20 Oct 2009
Emerging protectionist policies designed to bolster domestic clean tech industries hamper the development of new technologies and will damage the emerging sector's long-term health, the chief executive of General Electric's (GE's) energy business warned yesterday.
In an interview with the Financial Times, John Krenicki, who is also vice chairman of GE, said using climate change as justification for policy measures designed to boost a single country's green industries was counterproductive.
"Everybody wants production in their own country," he said. "But energy technology depends on scale, so unless we get the barriers down, we will never be able to deploy these technologies fully."
Krenicki said that by promoting less-efficient local manufacturing sites, governments are pushing up the cost and development time for new clean technologies that could be developed more efficiently under free market conditions.
He criticised the provisions of the US stimulus bill this year, which only provided money to US green businesses, and warned that if emerging economies adopted similar measures, it could seriously hamper the industry's development worldwide.

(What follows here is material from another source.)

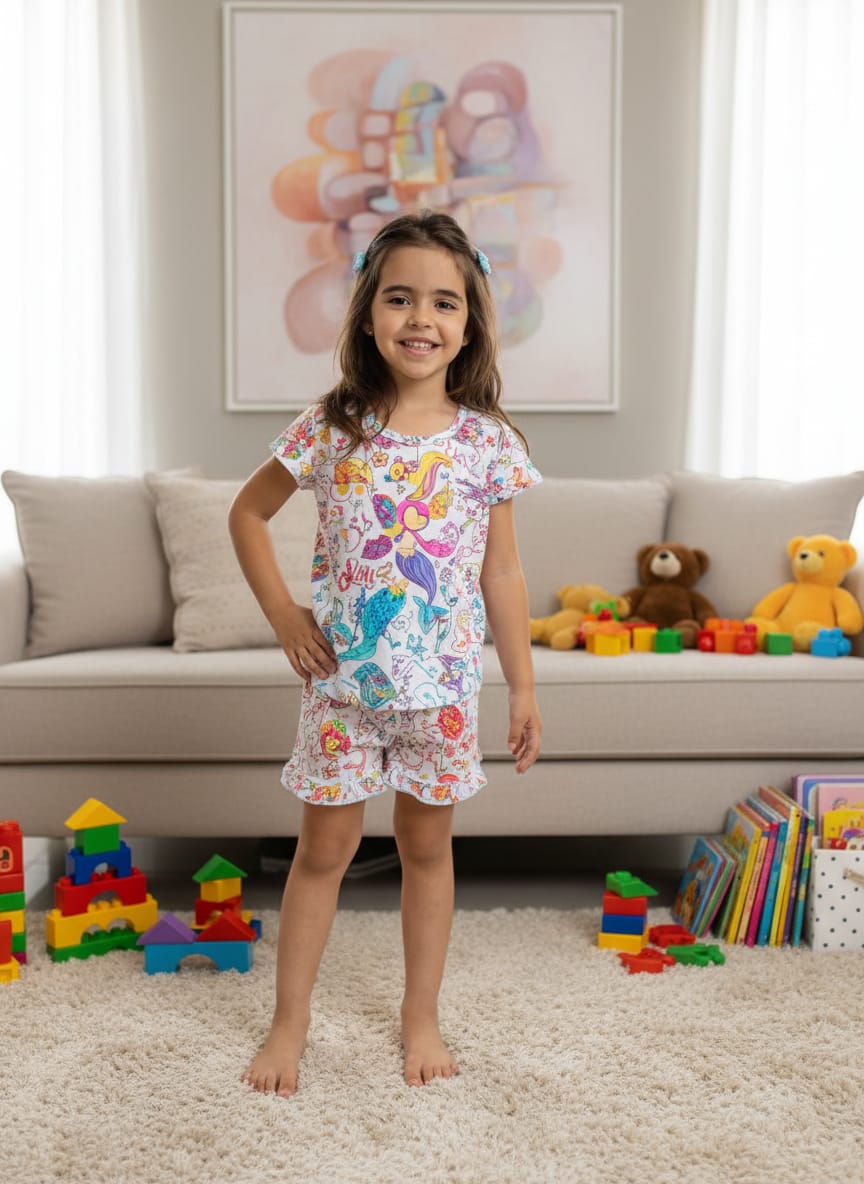 OPÇÃO 2 — DIVERSÃO INFINITA • 1 Pijama "Arte do Soninho" (Blusa e Bermuda) 100% Algodão • 1 Kit com 6 canetinhas hidrográficas laváveis, seguras para crianças.

The US and the EU have been pushing for some time for an environmental technology free trade deal to form part of an agreement at climate change talks in Copenhagen, but emerging economies have been wary of such conditions, arguing that it will leave them reliant on Western firms.
Krenicki is the latest senior executive to warn that protectionist measures could stifle the development of clean technologies.
As well as concerns over the impact of the US stimulus bill, there has been disquiet over the Chinese government's introduction of a "Buy Chinese" policy for some renewable energy projects, while there have also been protests at measures adopted in Germany and Spain designed to boost their domestic wind energy industries.